Konrad Gilewicz notuje coraz więcej występów w barwach ROW-u Rybnik. W środowej potyczce z Górnikiem Wałbrzych doczekał się debiutanckiego gola, a jego drużyna odniosła pewne zwycięstwo (3:0).

Beata Fojcik
Beata Fojcik
Pierwsza połowa nie przyniosła bramek, jednak po przerwie zielono-czarni urządzili koncert i trzy razy wpakowali piłkę do siatki rywala. Z kolei gospodarze w 7. kolejce II ligi stracili już trzynastą bramkę i z jednym punktem plasują się na przedostatnim miejscu w tabeli. - Patrząc na lokatę Górnika, kibicom mogło wydawać się, że rywal nie jest wymagający. Zdawaliśmy sobie sprawę z tego, że nie będzie to łatwy mecz. Przeciwnik będzie walczył, grał agresywnie i tak też było. Pierwsze trafienie zmieniło oblicze spotkania. Grało się na zdecydowanie lepiej i prowadziliśmy grę. W przeciągu dziewięćdziesięciu minut byliśmy zdecydowanie lepszym zespołem i absolutnie zasłużenie wygraliśmy - ocenia Konrad Gilewicz.
22-latek pojawił się boisku w 64. minucie gry, a 120 sekund później podwyższył rezultat. - Bramka cieszy i zrobię wszystko, by strzelać jak najwięcej. Przede wszystkim liczy się zwycięstwo i kolejne trzy punkty. To jest najważniejsze - dodaje zawodnik, który w obecnym sezonie może liczyć na częstsze występy.- Mamy bardzo szeroką kadrę i każdy piłkarz jest ważny. W tym sezonie gram zdecydowanie więcej niż w poprzednim, kiedy kontuzje męczyły mnie i wybijały z rytmu. Na szczęście teraz urazy mnie omijają. Trenuję, ciężko pracuję i walczę o miejsce w podstawowym składzie. Cieszę się, że dostaję więcej szans od trenera i staram się je wykorzystywać - opowiada Gilewicz. Wpływ na wzrost jego notowań miała niezła postawa w okresie przygotowawczym. - Solidnie go przepracowałem i teraz czuję się dobrze fizycznie.
Forma Konrada Gilewicza idzie w górę Forma Konrada Gilewicza idzie w górę
Dobrze ma się też ROW Rybnik, który mały dołek ma za sobą. Komplet punktów w dwóch ostatnich starciach pozwolił śląskiej ekipie wskoczyć na trzecią pozycję w II-ligowym zestawieniu. - W poprzednich spotkaniach mieliśmy sporo pecha, a teraz po części sprzyja nam szczęście.
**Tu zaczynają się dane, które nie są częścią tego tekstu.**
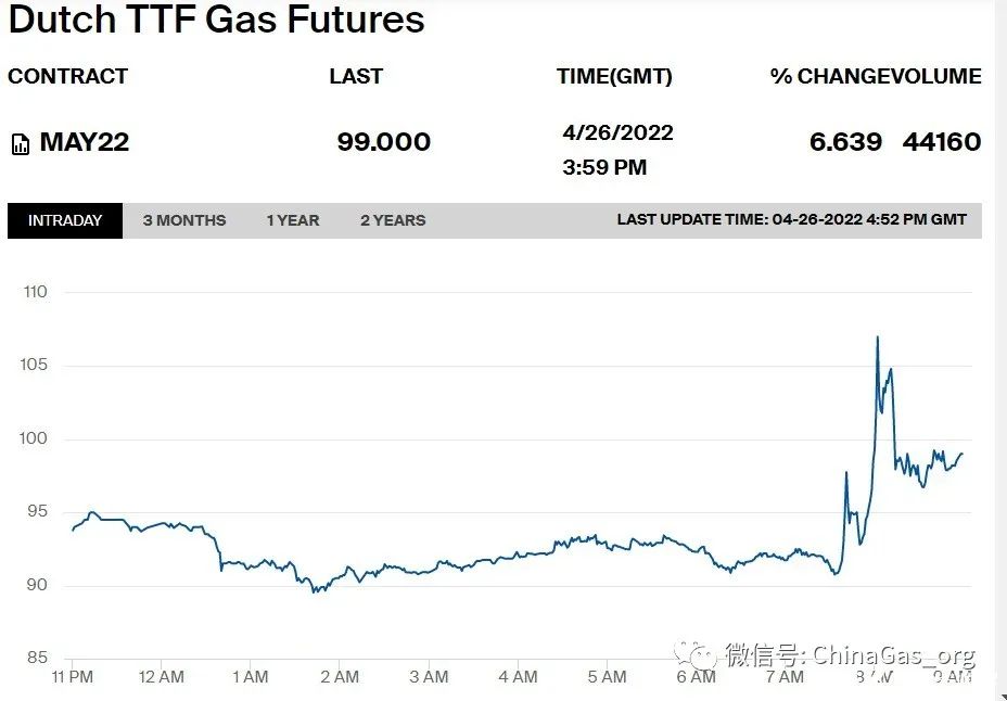 周二,歐洲(zhōu)基(jī)準TTF荷蘭51吃瓜网期貨(huò)一度跳漲近17%,重返100歐(ōu)元/兆瓦時的整數位上方(fāng)並(bìng)一度上逼109歐元,最終收漲(zhǎng)6.64%,報99.0歐元/兆瓦時。
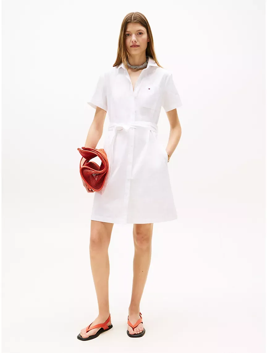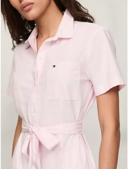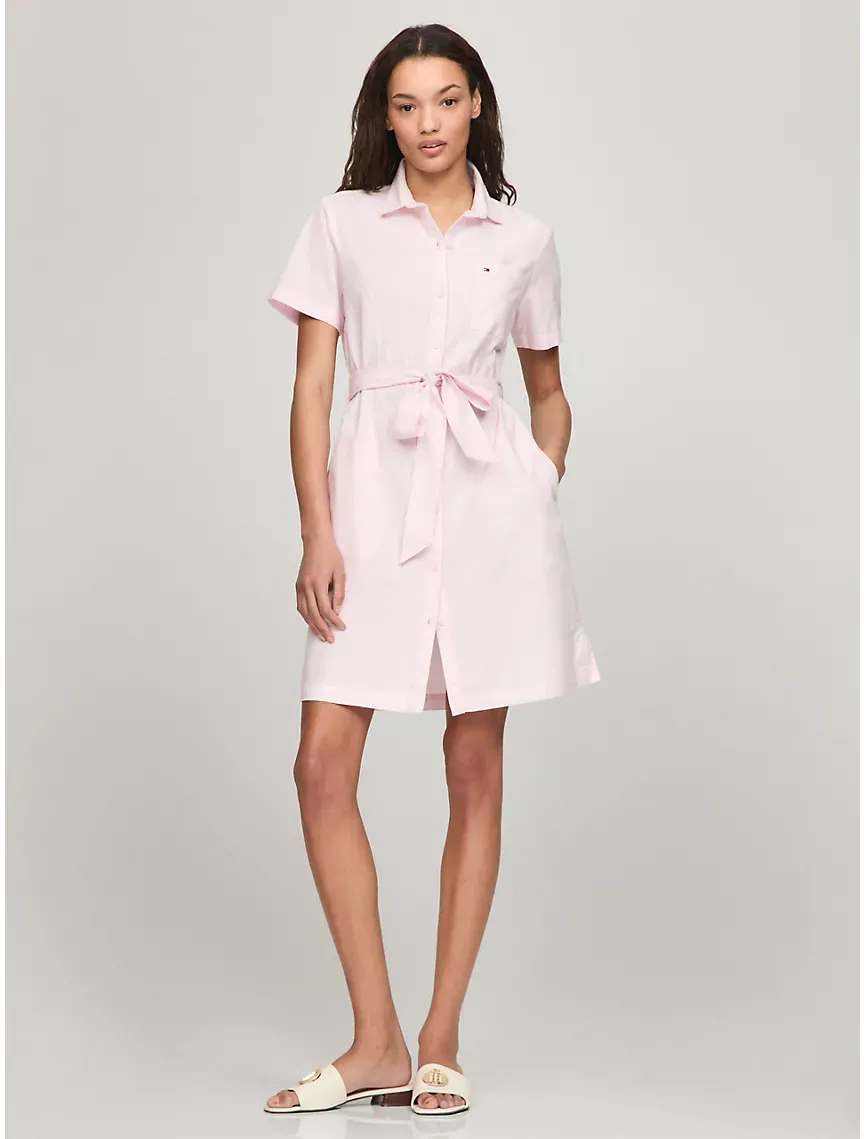 Short-Sleeve Belted Oxford Shirtdress
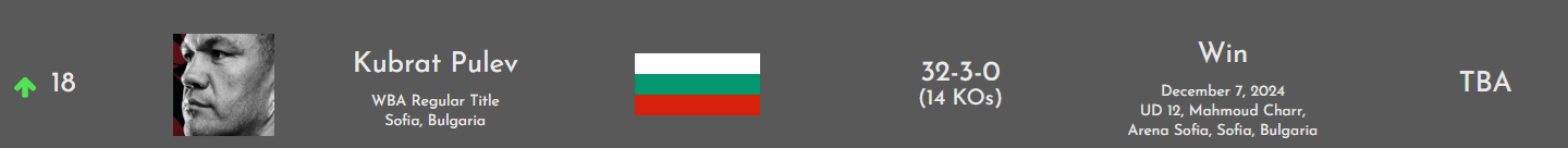 Кубрат Пулев победи Махмуд Чар в мач в "Арена София" и спечели Регулярната световна титла на WBA в тежка категория. В дивизията има супер шампион, а именно Олександър Усик. Неговият колан в "кралската" категория на WBA е с по-голяма тежест.
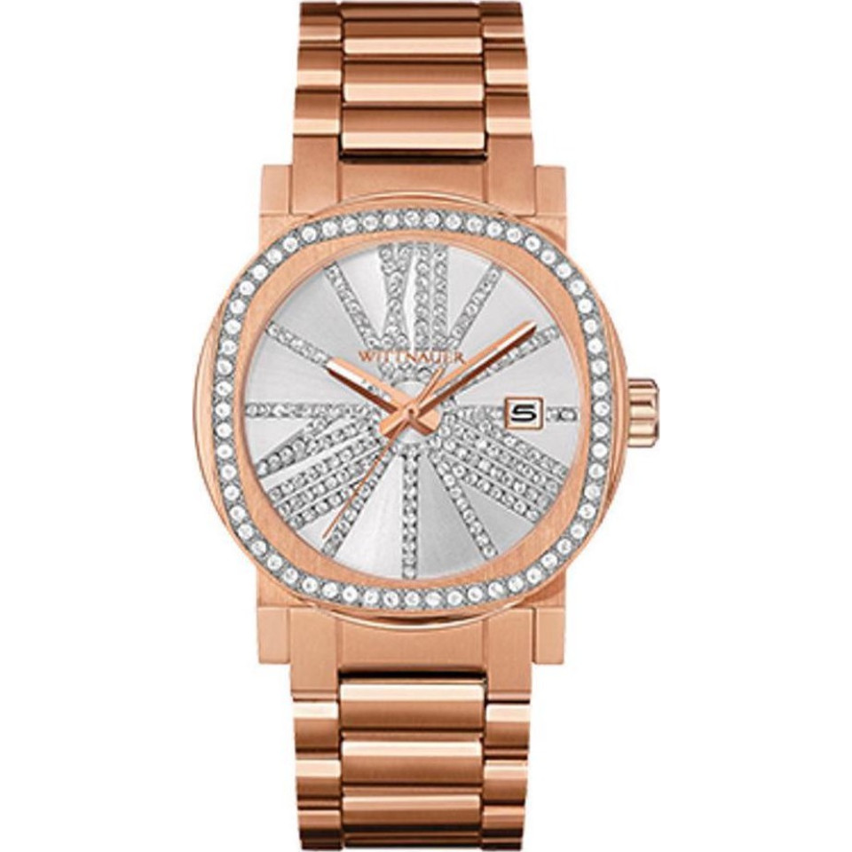 Vỏ, dây đeo bằng thép không gỉ tông vàng và mặt số xà cừ trắng bóng được tô điểm bằng 174 viên pha lê Swarovski® rực rỡ. Có bộ chuyển động thạch anh quét phụ ba kim, tinh thể khoáng phẳng và khả năng chống nước ở độ sâu 30 mét.
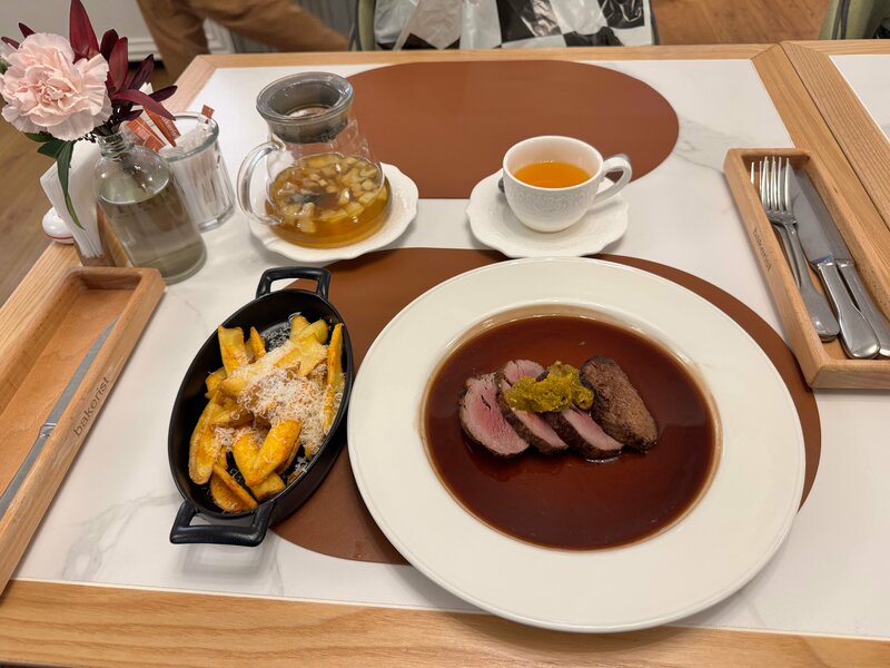 Приятный ресторан, можно вкусно полноценно поесть, либо попить чай с вкусными десертами, либо просто купить вкусный испеченный здесь хлеб. Обслуживание отличное. Удобно, что есть кнопка вызова официанта на столе. Стейк из конины сочный и нежный, но лучше бы его готовили не со сладким соусом, а на гриле с крупно зернистой солью - было бы намного вкуснее. Цены средние.
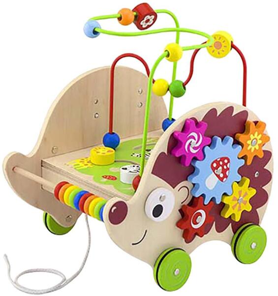 Ez a kedves kis sünis húzogatós játék igazán multifunkcionális darab! Többféle módon is lehet vele játszani. A süni ormányánál elhelyezkedő színes gyöngyöket tologatni lehet, mintha abakusz lenne. Velük a színek neve is elsajátítható. A kis kocsi tetején egyrészt labirintusjáték van, másrészt golyóvezető . Igazán kedvelt mindkettő a kisgyermekek körében! A finom

Nie poddajemy się, zawsze gramy swoją piłkę, staramy się jak najdłużej przy niej utrzymywać i to w końcu poskutkowało. Cieszę się, że ostatnie dwa mecze udało się wygrać. Chcemy, aby następnym razem również tak było - tłumaczy pomocnik.

Kolejnym rywalem rybniczan będzie "czerwona latarnia" z Lubelszczyzny, czyli Wisła Puławy. - Każdy mecz jest dla nas ważny. Zawsze wychodzimy w pełni zmobilizowani i skoncentrowani, dajemy z siebie maksimum. Z niecierpliwością czekamy na następne spotkanie, żeby udowodnić naszą wyższość - puentuje Konrad Gilewicz.

Najlepszy napastnik ROW-u Rybnik został w domu przez kontuzję. "Wrócę silniejszy"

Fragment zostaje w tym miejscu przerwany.